## TASK DESCRIPTION:
Return exactly the lines below, starting with the one that has "A confident businessman" and going on through the one that has "И вот когда".

## SOURCE DATA:
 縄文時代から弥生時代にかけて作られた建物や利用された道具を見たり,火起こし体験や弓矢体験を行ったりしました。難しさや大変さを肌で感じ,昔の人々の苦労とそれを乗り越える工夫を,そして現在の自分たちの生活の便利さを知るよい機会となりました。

==

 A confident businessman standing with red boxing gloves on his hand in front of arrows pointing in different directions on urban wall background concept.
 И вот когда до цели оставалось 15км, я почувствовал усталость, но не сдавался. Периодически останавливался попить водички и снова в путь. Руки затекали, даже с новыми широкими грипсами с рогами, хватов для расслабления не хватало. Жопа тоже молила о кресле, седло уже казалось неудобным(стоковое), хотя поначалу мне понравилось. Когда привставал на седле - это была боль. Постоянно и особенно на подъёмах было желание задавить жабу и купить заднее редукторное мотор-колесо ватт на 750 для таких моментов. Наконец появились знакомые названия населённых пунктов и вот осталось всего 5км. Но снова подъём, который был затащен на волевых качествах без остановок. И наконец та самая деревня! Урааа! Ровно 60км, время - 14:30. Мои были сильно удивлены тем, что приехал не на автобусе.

## TASK SOLUTION:
 A confident businessman standing with red boxing gloves on his hand in front of arrows pointing in different directions on urban wall background concept.
 И вот когда до цели оставалось 15км, я почувствовал усталость, но не сдавался. Периодически останавливался попить водички и снова в путь. Руки затекали, даже с новыми широкими грипсами с рогами, хватов для расслабления не хватало. Жопа тоже молила о кресле, седло уже казалось неудобным(стоковое), хотя поначалу мне понравилось. Когда привставал на седле - это была боль. Постоянно и особенно на подъёмах было желание задавить жабу и купить заднее редукторное мотор-колесо ватт на 750 для таких моментов. Наконец появились знакомые названия населённых пунктов и вот осталось всего 5км. Но снова подъём, который был затащен на волевых качествах без остановок. И наконец та самая деревня! Урааа! Ровно 60км, время - 14:30. Мои были сильно удивлены тем, что приехал не на автобусе.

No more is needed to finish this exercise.